Collected data entries:
[Start of section]

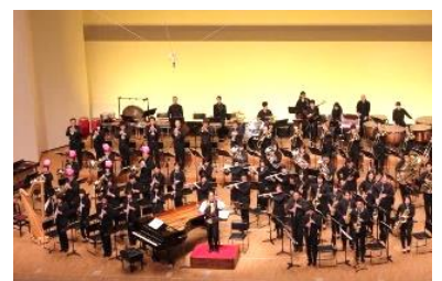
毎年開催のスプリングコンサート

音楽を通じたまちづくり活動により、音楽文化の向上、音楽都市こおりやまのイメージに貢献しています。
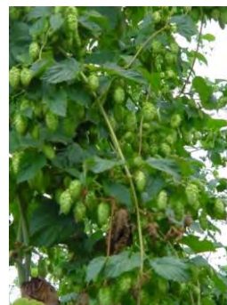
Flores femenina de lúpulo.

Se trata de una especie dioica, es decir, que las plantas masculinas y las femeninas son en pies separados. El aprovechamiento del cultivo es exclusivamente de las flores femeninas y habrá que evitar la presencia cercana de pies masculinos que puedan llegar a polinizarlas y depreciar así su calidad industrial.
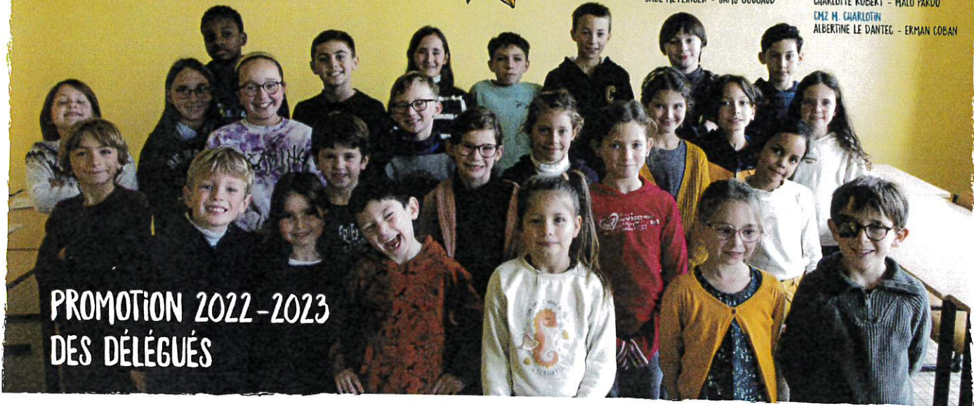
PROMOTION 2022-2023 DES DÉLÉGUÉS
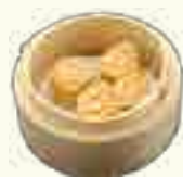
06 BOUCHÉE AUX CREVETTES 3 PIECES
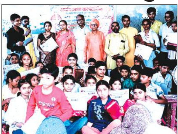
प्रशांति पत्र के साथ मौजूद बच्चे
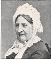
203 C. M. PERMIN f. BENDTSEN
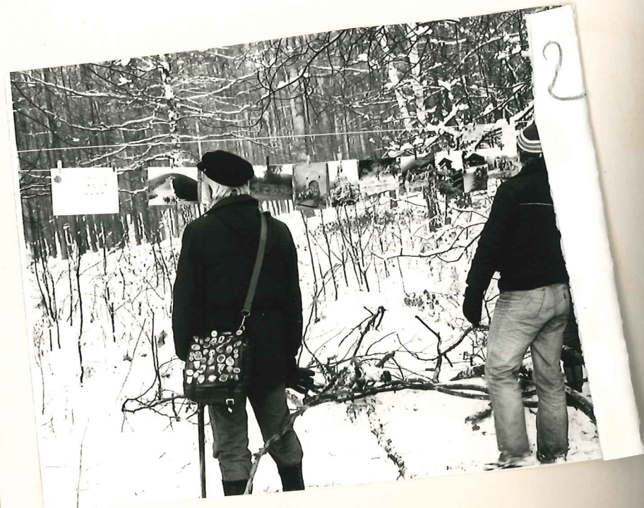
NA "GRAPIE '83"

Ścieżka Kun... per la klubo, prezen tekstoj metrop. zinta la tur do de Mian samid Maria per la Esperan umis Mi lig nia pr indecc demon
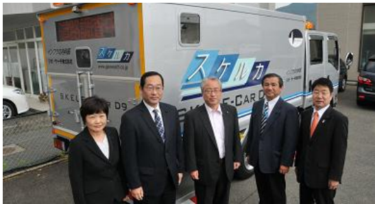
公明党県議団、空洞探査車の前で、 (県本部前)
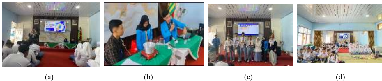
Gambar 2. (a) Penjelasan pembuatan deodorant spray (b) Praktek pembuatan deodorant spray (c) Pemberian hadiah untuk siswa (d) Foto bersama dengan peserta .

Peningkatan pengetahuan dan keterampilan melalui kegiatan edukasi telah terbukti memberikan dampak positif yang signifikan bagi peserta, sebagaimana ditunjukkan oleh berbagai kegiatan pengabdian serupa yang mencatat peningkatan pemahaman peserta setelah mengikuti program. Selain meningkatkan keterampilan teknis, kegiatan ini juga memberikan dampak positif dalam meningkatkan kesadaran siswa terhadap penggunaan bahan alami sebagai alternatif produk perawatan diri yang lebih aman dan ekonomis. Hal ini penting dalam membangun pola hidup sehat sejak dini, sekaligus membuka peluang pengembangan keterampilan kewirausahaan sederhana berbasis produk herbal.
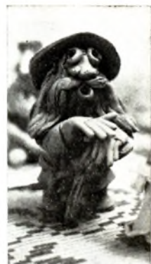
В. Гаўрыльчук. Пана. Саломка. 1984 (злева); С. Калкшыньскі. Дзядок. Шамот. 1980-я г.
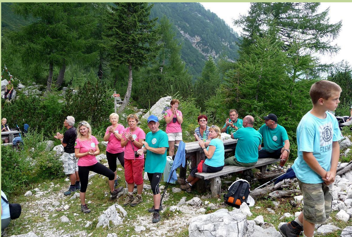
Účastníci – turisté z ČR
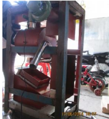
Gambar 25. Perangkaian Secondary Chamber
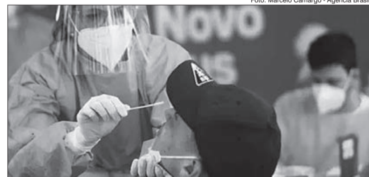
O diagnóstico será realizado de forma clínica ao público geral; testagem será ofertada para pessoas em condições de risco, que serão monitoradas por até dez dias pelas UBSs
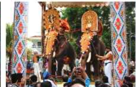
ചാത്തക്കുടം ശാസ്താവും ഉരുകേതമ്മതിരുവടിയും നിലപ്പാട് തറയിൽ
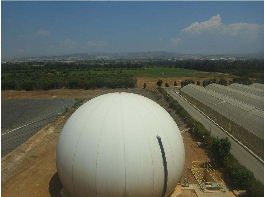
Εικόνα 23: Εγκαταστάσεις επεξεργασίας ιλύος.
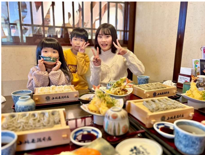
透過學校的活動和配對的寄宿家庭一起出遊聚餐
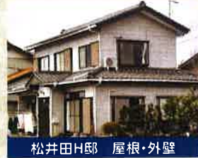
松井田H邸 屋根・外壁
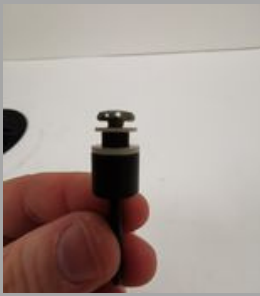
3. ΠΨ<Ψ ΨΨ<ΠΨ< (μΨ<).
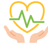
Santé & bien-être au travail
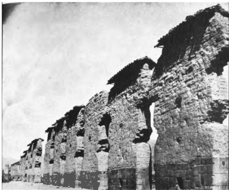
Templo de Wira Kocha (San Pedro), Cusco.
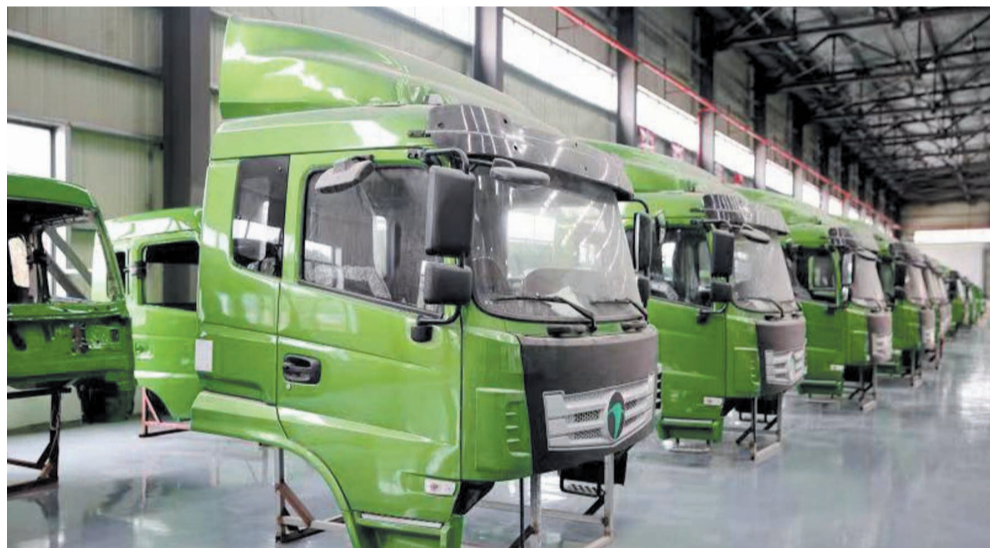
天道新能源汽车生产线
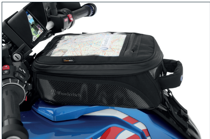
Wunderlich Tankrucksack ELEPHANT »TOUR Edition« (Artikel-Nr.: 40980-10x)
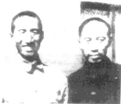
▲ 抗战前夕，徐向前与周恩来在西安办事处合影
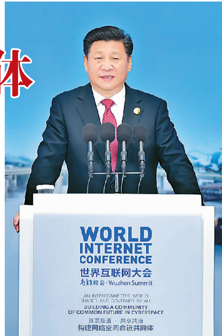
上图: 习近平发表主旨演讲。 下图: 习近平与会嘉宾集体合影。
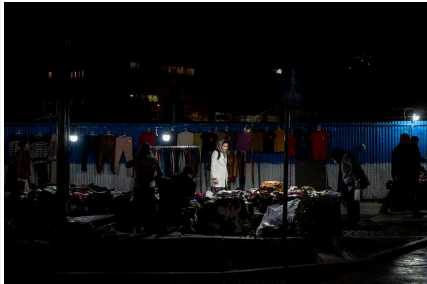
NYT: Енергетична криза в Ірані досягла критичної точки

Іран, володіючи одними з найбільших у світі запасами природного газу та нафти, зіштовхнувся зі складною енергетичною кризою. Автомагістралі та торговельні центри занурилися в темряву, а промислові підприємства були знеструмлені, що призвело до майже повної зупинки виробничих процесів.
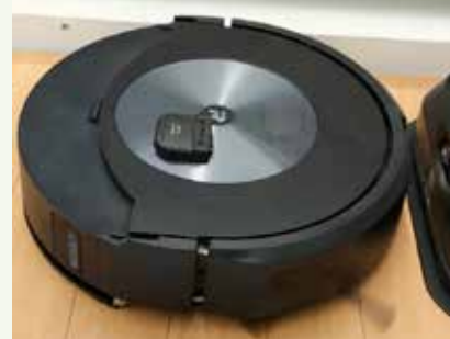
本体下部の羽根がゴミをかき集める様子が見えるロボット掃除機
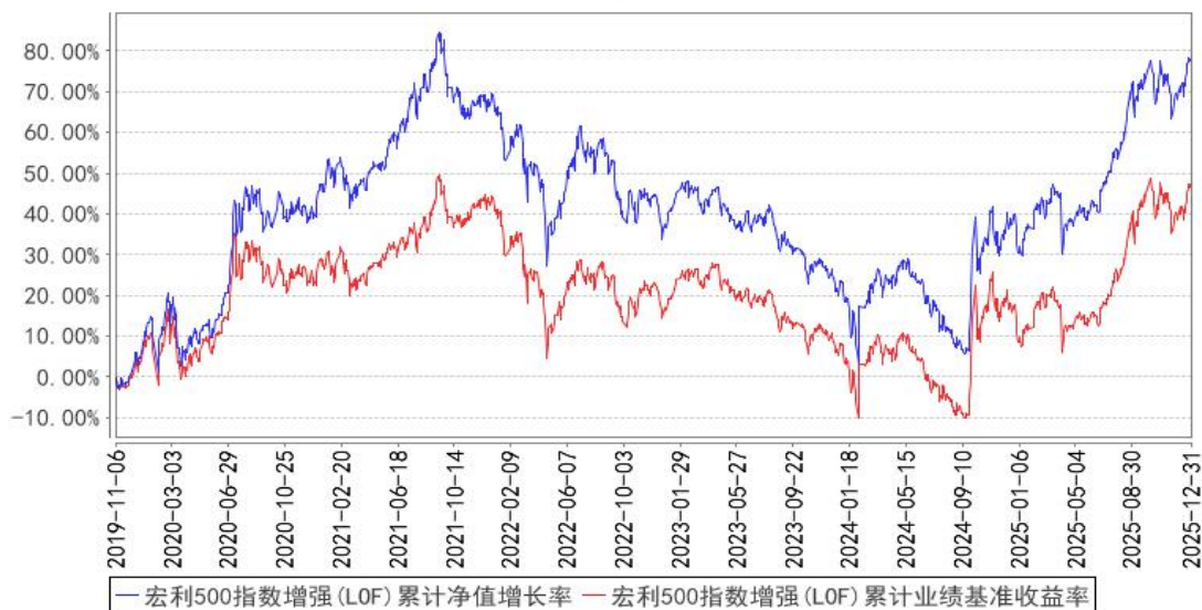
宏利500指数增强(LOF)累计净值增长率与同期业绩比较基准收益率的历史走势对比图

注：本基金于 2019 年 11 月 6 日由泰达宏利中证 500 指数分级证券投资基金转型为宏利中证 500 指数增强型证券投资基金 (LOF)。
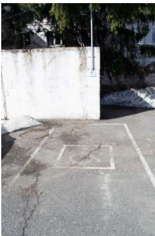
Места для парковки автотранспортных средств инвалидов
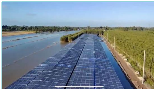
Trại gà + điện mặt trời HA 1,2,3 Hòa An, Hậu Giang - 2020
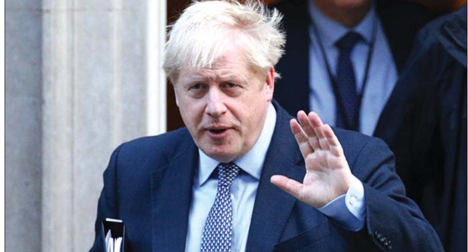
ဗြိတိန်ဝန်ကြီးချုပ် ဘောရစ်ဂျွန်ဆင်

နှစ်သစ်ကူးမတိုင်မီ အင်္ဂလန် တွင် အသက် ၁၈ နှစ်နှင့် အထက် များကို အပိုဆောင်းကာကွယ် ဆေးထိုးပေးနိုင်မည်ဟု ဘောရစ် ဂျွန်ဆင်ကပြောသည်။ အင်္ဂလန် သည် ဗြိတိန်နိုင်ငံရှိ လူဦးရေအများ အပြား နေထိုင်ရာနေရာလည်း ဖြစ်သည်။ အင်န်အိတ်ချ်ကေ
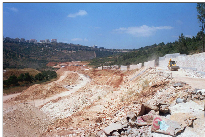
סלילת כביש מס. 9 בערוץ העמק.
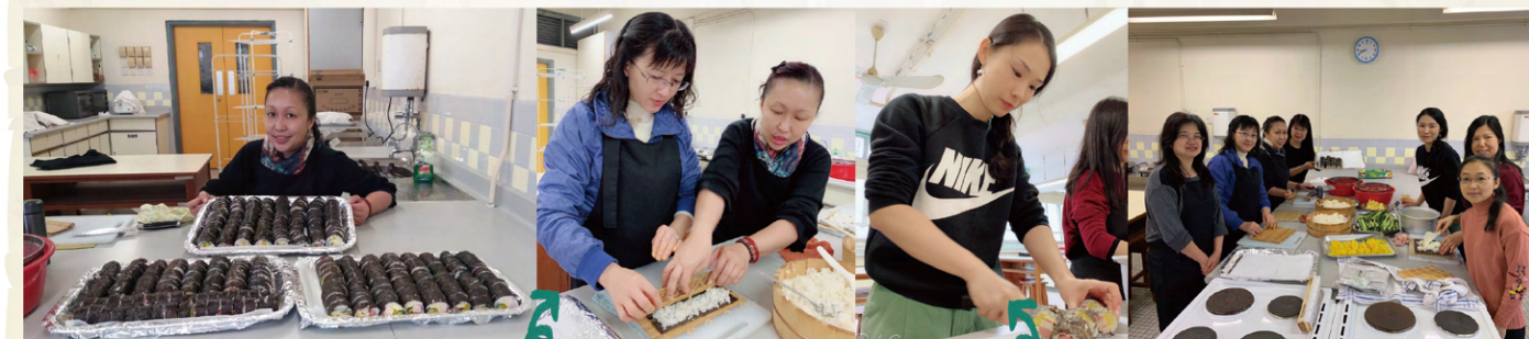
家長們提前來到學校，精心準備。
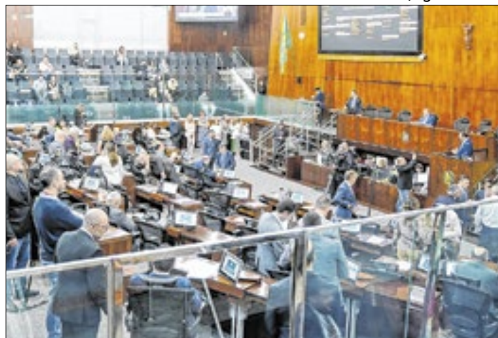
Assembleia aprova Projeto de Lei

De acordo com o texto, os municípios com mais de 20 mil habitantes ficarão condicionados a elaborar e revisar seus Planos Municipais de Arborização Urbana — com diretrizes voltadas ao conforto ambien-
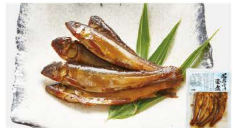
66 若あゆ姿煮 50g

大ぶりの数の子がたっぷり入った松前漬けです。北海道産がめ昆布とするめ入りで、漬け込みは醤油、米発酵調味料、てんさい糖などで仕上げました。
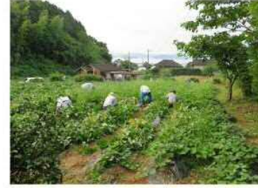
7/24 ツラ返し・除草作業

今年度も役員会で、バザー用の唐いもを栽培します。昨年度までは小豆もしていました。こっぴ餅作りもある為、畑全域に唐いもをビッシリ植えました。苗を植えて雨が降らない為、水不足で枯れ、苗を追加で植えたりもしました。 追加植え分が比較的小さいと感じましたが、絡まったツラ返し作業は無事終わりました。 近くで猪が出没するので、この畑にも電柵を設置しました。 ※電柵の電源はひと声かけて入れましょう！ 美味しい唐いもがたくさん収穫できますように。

[End of section]

Copy every line from the records above that contains the word "siswa".

Gambar 2. (a) Penjelasan pembuatan deodorant spray (b) Praktek pembuatan deodorant spray (c) Pemberian hadiah untuk siswa (d) Foto bersama dengan peserta .
Peningkatan pengetahuan dan keterampilan melalui kegiatan edukasi telah terbukti memberikan dampak positif yang signifikan bagi peserta, sebagaimana ditunjukkan oleh berbagai kegiatan pengabdian serupa yang mencatat peningkatan pemahaman peserta setelah mengikuti program. Selain meningkatkan keterampilan teknis, kegiatan ini juga memberikan dampak positif dalam meningkatkan kesadaran siswa terhadap penggunaan bahan alami sebagai alternatif produk perawatan diri yang lebih aman dan ekonomis. Hal ini penting dalam membangun pola hidup sehat sejak dini, sekaligus membuka peluang pengembangan keterampilan kewirausahaan sederhana berbasis produk herbal.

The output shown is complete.